È accertato ormai che il 2024 è stato l’anno più caldo della storia: o quantomeno, dal 1850 quando iniziarono le rilevazioni scientifiche sul clima. Lo attestano e lo documentano tutti i report ufficiali, a cominciare da Copernicus, il servizio meteo dell’Unione europea. E da questo punto di vista il 2025 non comincia, purtroppo, sotto un segno migliore (in alto, foto da “Green Me”).
Al di 10 di gennaio, si registra finora il 63% in meno di neve rispetto alla media 2011-2023. In pratica, la metà rispetto all’anno scorso. L’allarme è stato lanciato dal Sole 24 Ore, il quotidiano della Confindustria, con un articolo a firma di Davide Madeddu e Luca Salvioli. Ed è – per così dire – un doppio allarme: per la stagione turistica e sciistica invernale, ma anche per quella prossima estiva. La mancanza di neve minaccia mancanza di acqua e quindi, se la situazione non cambierà nelle prossime settimane, siccità nei periodi più caldi.
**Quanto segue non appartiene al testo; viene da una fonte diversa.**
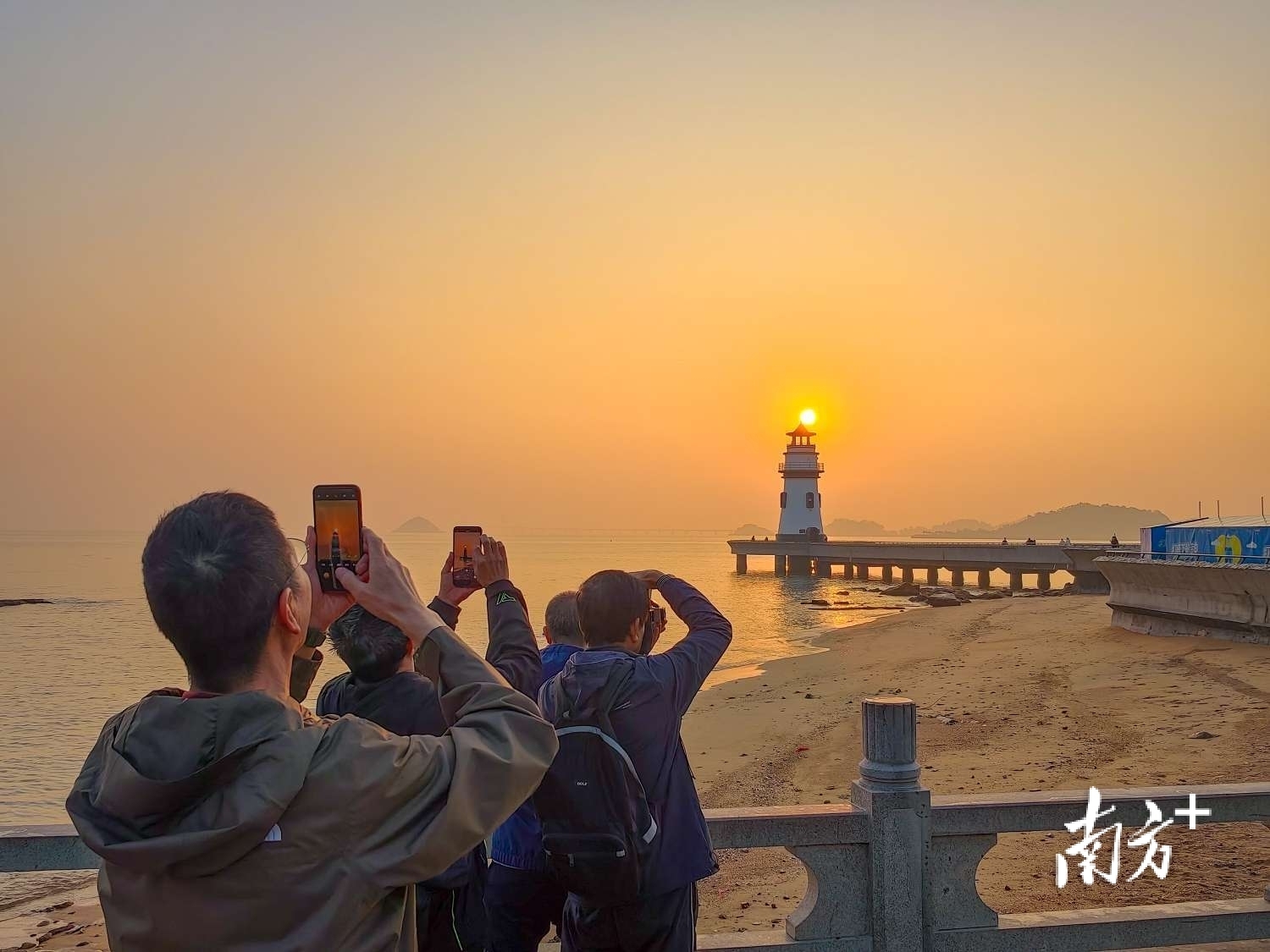 2025年12月29日晨,市民在拍摄珠海情侣路爱情灯塔穿日。南方+拍客 郑志刚 摄

Già a dicembre l’andamento delle precipitazioni nevose sull’arco alpino era stato critico. Un po’ meglio è andata sugli Appennini, anche se a causa delle temperature più calde quella che è caduta è stata – come dicono gli esperti – una “neve effimera”: cioè, una neve che non si “posa” e non costituisce una base per future nevicate.
In valori assoluti, come scrivono gli autori dell’articolo, “le ‘scorte nivali’ presenti sul territorio italiano sono pari a un miliardo e 700mila metri cubi di neve, contro i 4,6 della media 2011-2023”. L’assenza di precipitazioni sta provocando l’assenza del manto nevoso, danneggiando l’industria dello sci e delle vacanze. E questo riduce la capacità delle Alpi come “serbatoio di acqua naturale”. Aggiungono i due giornalisti: “I dati storici dimostrano che un inverno povero di neve si traduce spesso in una ridotta portata dei fiumi nei mesi estivi, aumentando il rischio di siccità”.
La situazione migliore degli Appennini non lascia ben sperare. A dicembre la neve è stata abbondante, soprattutto in Emilia-Romagna, ma s’è sciolta rapidamente. E i gestori degli impianti sciistici sono corsi ai ripari “sparando” quella artificiale che, però, a sua volta consuma acqua da congelare.
Un segnale preoccupante viene dal bacino del Tevere. Nel giro di poche settimane, il livello dell’acqua è passato dalla media stagione a -88%. Un deficit che rischia di ripercuotersi in particolare sugli approvvigionamenti idrici del Lazio. A leggere i dati, insomma, “emerge che per molte regioni italiane l’inizio di questo inverno si colloca tra i peggiori per neve al suolo dal 2011”. E le stime stagionali di Ecmwf (l’European center for Medium-range Weather Forcasts) indicano un trimestre invernale più caldo della norma in tutta l’Europa, come sulle Alpi svizzere e francesi (sotto, foto da “Torino Today”).
Ha scritto il meteorologo Luca Mercalli sul Fatto Quotidiano: “Nei giorni intorno all’Epifania correnti umide e miti da Ponente hanno portato piogge a intervalli al Nord e su parte del versante tirrenico, anche copiose in Liguria, Appennino Tosco-Emiliano, Lombardia e Nord-Est (221 mm da domenica 5 a giovedì 9 gennaio sopra Sesta Godano, La Spezia; qualche frana nel Centro-Levante ligure), e sulle Alpi ha piovuto talora fino a 2000 metri. Dell’anomalia mite non si è accorto granché chi era nei grigiori della Pianura Padana – dove per diverse notti non ha gelato – ma altrove le temperature massime sono salite fino a 21 °C a Pescara martedì 7, e a 23 °C a Catania venerdì 10. Un cambiamento è in corso, brusco ma breve: venti freddi da Nord-Est portano molta pioggia al Sud e neve in Appennino, uno dei pochi ed effimeri sussulti di un inverno finora insignificante”.
L’annuncio di una nuova siccità, insomma, incombe sulla nostra Penisola. Se le precipitazioni naturali di pioggia e di neve non aumenteranno nelle prossime settimane, e le temperature non scenderanno, ai primi caldi la mancanza d’acqua si farà sentire da Nord a Sud. Per la popolazione, per l’agricoltura e per il bestiame.